The history of Adobe Systems is surprisingly interesting. The founders, John Warnock and Chuck Geschke, were visionaries in every sense of the word and their imagination reshaped the publishing industry. PostScript changed typesetting, Photoshop changed layout and design, and PDF changed printing itself. This book does a good job of describing the history of this revolution.
Inside the Publishing Revolution is told from an unflinchingly pro-Adobe point of view, but because the author doesn’t pretend to be unbiased it isn’t annoying. Being about Adobe, a company known for imagery, the book is gorgeous. Pictures are on nearly every page, many being creations by modern artists using only Adobe products. Truly, this is closer to a coffee table book than a corporate history. If only the same care had been taking with the copy editing.

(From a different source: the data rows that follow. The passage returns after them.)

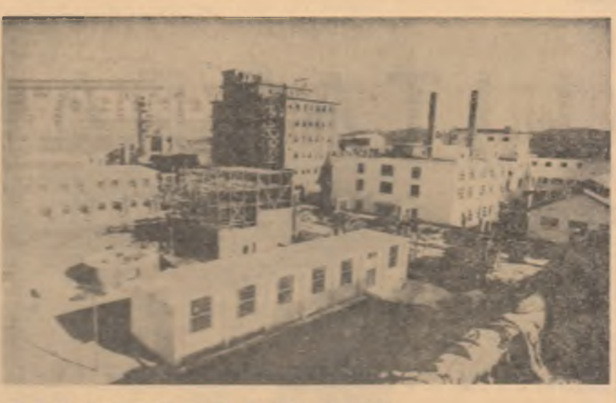
R. P. ALBANIA. Vedere a unei noi unități industriale: Fabrica de sodă anionică din orașul Vîșje.
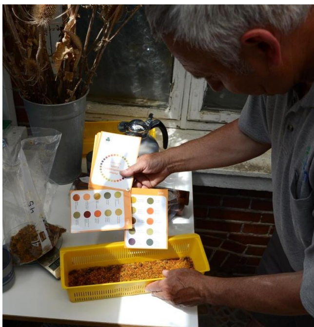
Hver tredje uge indsamles pollenprøver fra bifamilier.

Herudover er der udviklet en ny varroa-hjemmeside, Varroa.dk, som skal forbedre tilgængeligheden af viden om varroamider og deres bekæmpelse, samt præsentere nye muligheder for selvstudier og tests, som forhåbentlig kan sprede viden blandt biavlere på en moderne og pædagogisk måde.
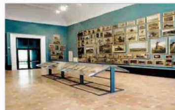
Una sala dell'Accademia

cimentarsi in un ritratto di gruppo di tutti i genitori presenti alle domeniche dell'Accademia svelata, in un laboratorio ispirato agli spunti tratti da David Hockney dalla fotografia.
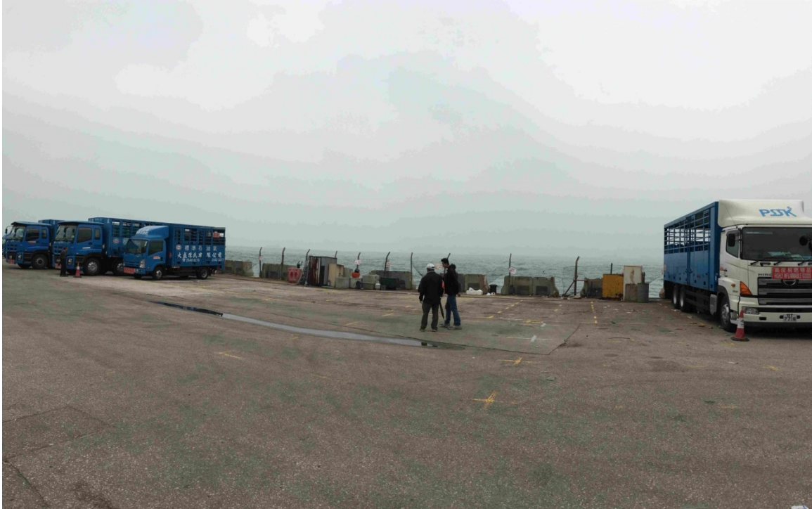
東邊街北停車場 現時狀況
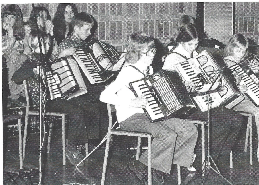
Harmonikaen var meget populær i folkemusikkens glansperiode. siden har tilmeldingen på harmonika fundet et mere normalt leje.

samtlig kommunale skoler, og da børnetallet i disse år voksede, øgedes også udgifterne tilsvarende. Det er imidlertid værd at bemærke, at gratisordningen bestod op gennem 80'erne trods »kartoffelkure« og anden ministeriel opfindsomhed. En medvirkende årsag til kommende ændringer kan have været, at Danmarks Sanglærerforening, senere kaldet Folkeskolens Musiklærerforening, efterhånden fik en mere og mere reserveret holdning til, hvorvidt en sådan musikundervisning hørte hjemme i Folkeskolen.
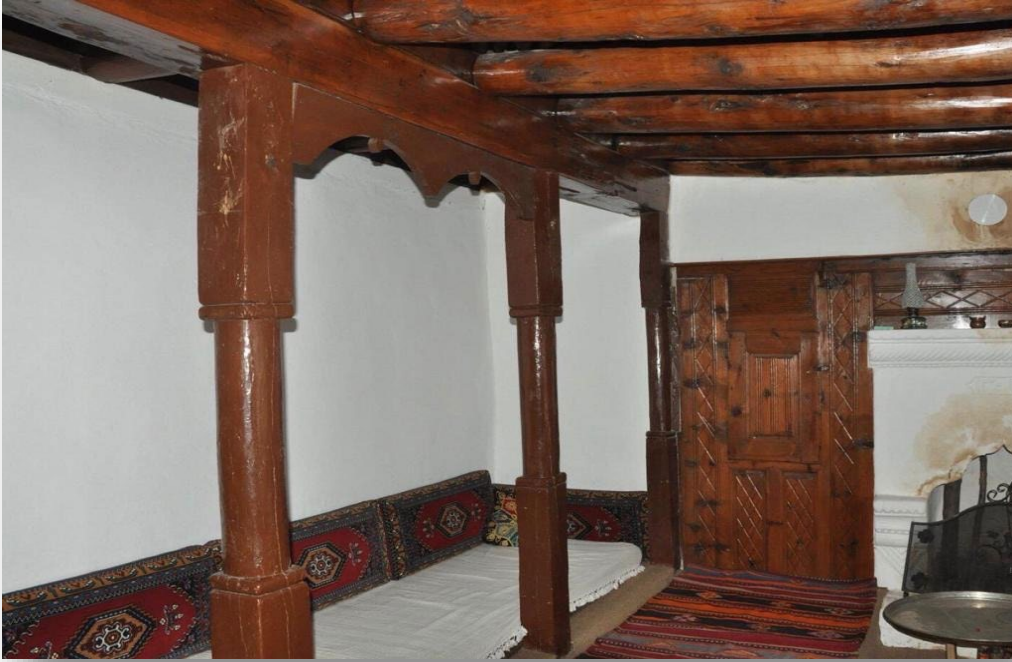
Fotoğraf 25: Guaş Şevket'in Haçeşi-Panlı Köyü

Bir kültür okulu olan dilin, habzenin 5 , halk hikayelerinin ve masalların aktarım mekanı işlevi gören haçeşler günümüzde ya kapalı ya da yıkılmıştır (K.K. :50, 72). Alan çalışmamız esnasında ziyaret ettiğimiz Tahtaköprü (12.07.2017) ve Taşoluk (11.07.2017) köylerinde haçeşleri görme fırsatı yakaladık. Ayrıca Methiye, Dikilitaş, Panlı köyünde de (Siyuh Seferbiy ve Guaş Şevket) haçeşler bulunmaktadır. Günümüzde işlevini yitiren haçeşler sembolik birer hafıza mekanı olarak Uzunyayla'nın köylerinde az sayıda da olsa hala ayakta durmaktadır.
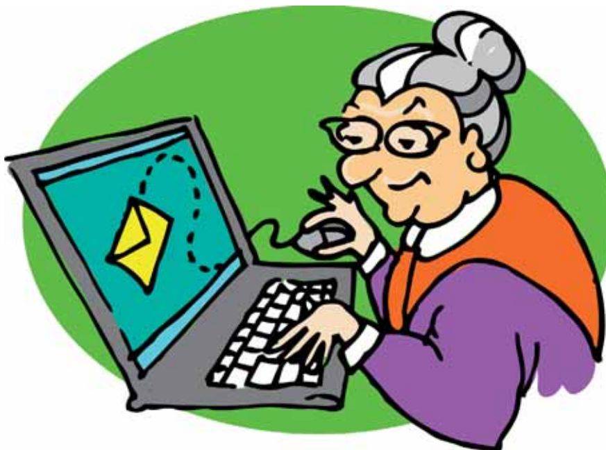
disegno di Belinda Menzietti

Si prevede che entro quest'anno oltre 45 milioni di persone saranno presenti sul sistema ANPR. Ma quali saranno i vantaggi per noi una volta che il processo di migrazione sarà terminato?
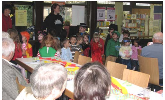
Auch die Betreuerinnen beteiligten sich fleißig. (Bild oben und darunter)
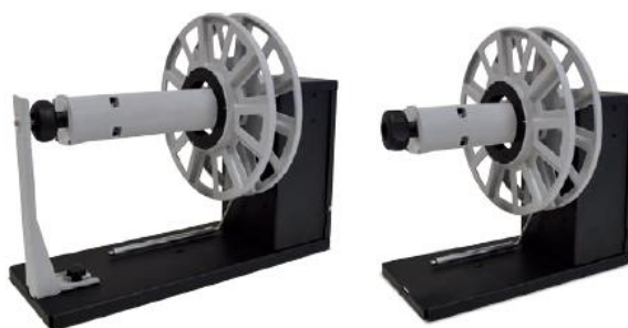
Ré-enrouleur d'étiquettes C6500P / C6000P

Utilisé pour augmenter la capacité du rouleau d'entrée, il déroule automatiquement les rouleaux ayant uniquement des étiquettes face vers le haut.
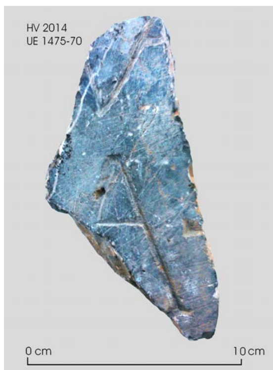
Fig. 5: Fragment núm. 2.

L'altura de les lletres és de 7,3 cm i la interlineació d'1,7 cm. El camp epigràfic està allisat i conserva traces fines de poliment. La lletra és elegant, de solc un poc irregular, i compta amb reforços. Conserva un
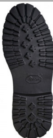
SUOLA BETULLA 4303 mis. 42/44

GV.006-35.0002 SUOLA AVANA 2659 MIS. 43/44 - 45/46
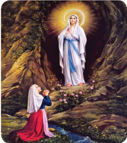
22.3 රූපය - ලූර්දු නුවර දේව මාතාවන් දර්ශනය

(ලිඩ්වින් කිරි ඇල්දෙණියගේ අසිරිමත් දේවමාතා දර්ශනය නමැති කෘතියෙනි)
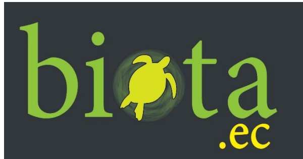
Imagen 2: Logotipo
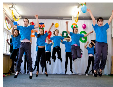
Vörösmarty Mihály Tagintézmény
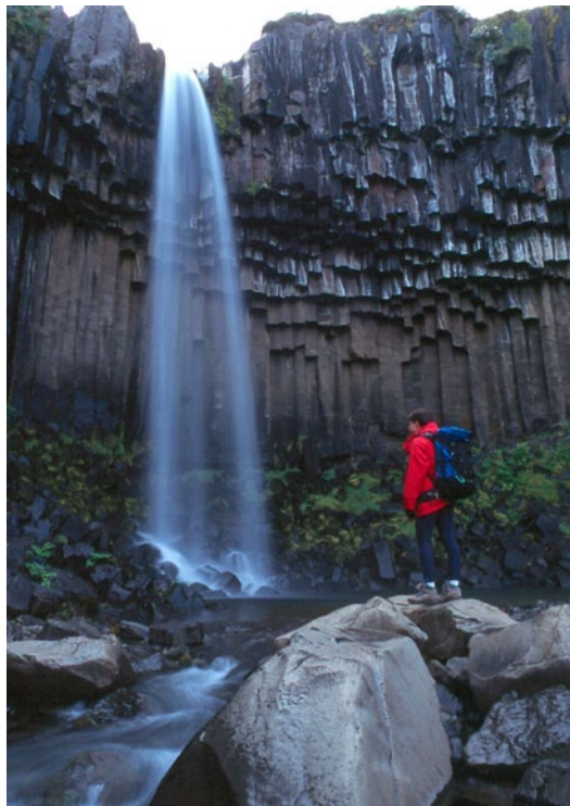
Fig.2. Algunos países como Islandia, centra gran parte de sus ofertas turísticas en la existencia de rasgos geológicos notables, que actúan como focos turísticos.

24 parques naturales de Andalucía. Pero el ejemplo más significativo es el Parque Nacional del Teide (Canarias), espacio natural protegido por su gran relevancia ambiental y su protagonismo geológico, que con tres millones y medio de visitantes en 2006 fue más visitado que cualquier monumento español, superando incluso los valores de los museos del Prado (Madrid) y Guggenheim (Bilbao) juntos. En el panorama internacional, algunos ejemplos son los 520.000 visitantes anuales de la Calzada de los Gigantes (Irlanda), los más de dos millones de visitantes de la Mammoth Cave (USA), o los 4.200.000 visitantes anuales del Parque Nacional del Gran Cañón (EEUU). Incluso algunos países basan buena parte de su estrategia de desarrollo y promoción en la existencia de elementos geológicos singulares entre otros aspectos naturales y culturales, como Islandia, Nueva Zelanda, Argentina o Nepal.

The text is presented in chronological order, with scattered sidebars and inset time lines highlighting key and interesting events. Unfortunately, at times the text and the highlights aren’t well coordinated. The most egregious example is the note, “Geschke held for five days by kidnappers” in a sidebar; this is clearly a pretty intriguing fact, but there are no other details. Eleven pages later the kidnapping is explained, but for all the care taken with the images I found this to be really sloppy.
If the modern publishing era began when Johannes Gutenberg developed movable type in Germany in the 1450s, its successor was the transformation that took root in Silicon Valley in the 1980s, when John Warnock and Chuck Geschke formed Adobe Systems.